This still shows the outlier ranges, preserving all the information, but you see the central most likely area well, and the comparison of past and recent temperature levels is not as influenced by the outlier estimates.

Good Lord, if you are not going to integrate the data that disagrees with your expectations, why even pretend to be doing statistics or science? Just pick your data and plot it and get it over with!

I leave it to those who do know statistics to describe how bad this really is, but it looks to be a complete crock.

Addendum: To be clear here, I am not sure what Briffa did (I do not have the picture) or if it made it into any report. I assume it did. Maybe not a defensible assumption – but it seems everything else in these emails has a tangible product out there so I will stick with it. And while I am not sure what Briffa did mechanically, I know why he did it since he says it himself. He could not use standard error ranges, so he concocted something else. I’ll leave it to others to determine the severity of this action – but in my mind it simply was another way to hide the mathematical truth that the hockey stick is all smoke and mirrors.

20 responses so far

20 Responses to “Exposed: How Briffa/IPCC Produced False Error/Uncertainty In Hockey Stick”

  1. crosspatch says:

    Again the problem I have is using a summer growing conditions indicator as a proxy for *annual* temperatures. Summer temperatures can (and have in many places) trend exactly the opposite direction of annual temperatures. Tree rings can not proxy conditions occurring when tree rings are not being produced (fall, winter, early spring). At best they can *possibly* contain information on late spring conditions where a late snow melt could delay the onset of ring growth but a cold, dry winter will never be picked up if it is followed by a warm/wet spring and summer.

    In short, tree rings are NOT thermometers of *annual* average temperature and trying to use them as such is misleading at best and at worst incompetent or dishonest depending on the belief of the person presenting the information (incompetent if done in good faith, dishonest if they know better).

    A proxy that can possibly show aggregate growing conditions over a three to four month period can not possibly show total growing conditions.

    Here’s a novel idea for why they decline in recent years: reduced sulfate causing the soil to be sulfur depleted. As we “scrub” coal plants and switch to low sulfur fuel, the amount of sulfur deposited in the soil declines. This decline has already resulted in farmers around the world now having to add sulfur to their fields where they did not need to do so in past decades. I would imagine that forests might reflect the same decline in aggregate growing conditions as the amount of sulfur in the soil declines and reduces the ability of the trees to extract other nutrients from the soil.

  2. crosspatch says:

    And it is kind of ironic about that whole sulfur thing. We pay extra for fuel because the sulfur needs to be taken out, then the farmers have to buy the sulfur to put on their fields. We pay more for fuel and fertilizer in order to get something we used to get “free”.

  3. WWS says:

    “Again the problem I have is using a summer growing conditions indicator as a proxy for *annual* temperatures.”

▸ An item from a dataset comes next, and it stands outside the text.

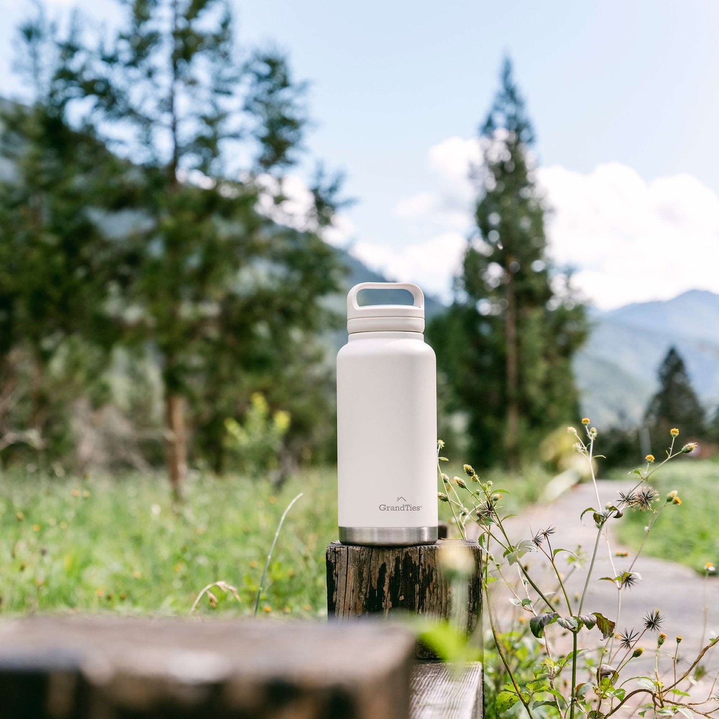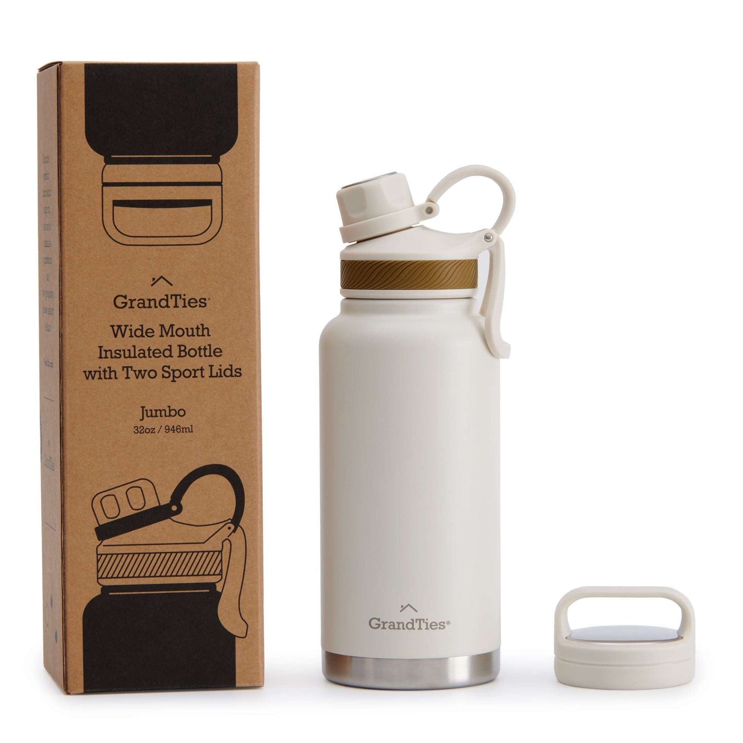 Insulated Travel Water Bottle with Two Handle Lids | 32oz/946ml - Ivory White

    Now that the e-mails have conclusively revealed that the bad intent was there from the beginning, we know exactly why they used this weak indicator as a proxy.

    They used it because it was the easiest way to fake the data. Anything more “robust” might not have given them the numbers they had to have.

    They never gave a damn about actual data, the entire effort was dedicated to supporting “The Cause”. So a measurement that was easily manipulated, but obscure enough that few people would be able to cut through the gobbledygook, was just perfect.

  4. SteveGinIL says:

    I just began reading this (thx to Steve M). Probably another comment later…

    The actual temperature measurements from 1850-1960 are sparse and uneven (to be kind). Apparently for the entire southern hemisphere there are only a handful of continuous records to cover this HALF of the world. From 1960 to 1990 the sample size fills in globally and the consistency increases, but it really is only in the satellite era (1990 onward for good temps) that we get consistent global measurements of decent precision.

    This dating applies to the issue of the divergence problem, which was the underlying thing behind the “hide the decline” of CG1.0.

    It is precisely the 1850-1960 period in which the tree-ring proxies did NOT diverge. Perhaps 1850-1940 would be more precise, though, because the divergence isn’t really noticeable for the 1940-1960 period. Yet, if the good correlation was during a time of few instrument records, one can make the argument that the correlation was a false one, matching tree-rings to an inadequate instrument record.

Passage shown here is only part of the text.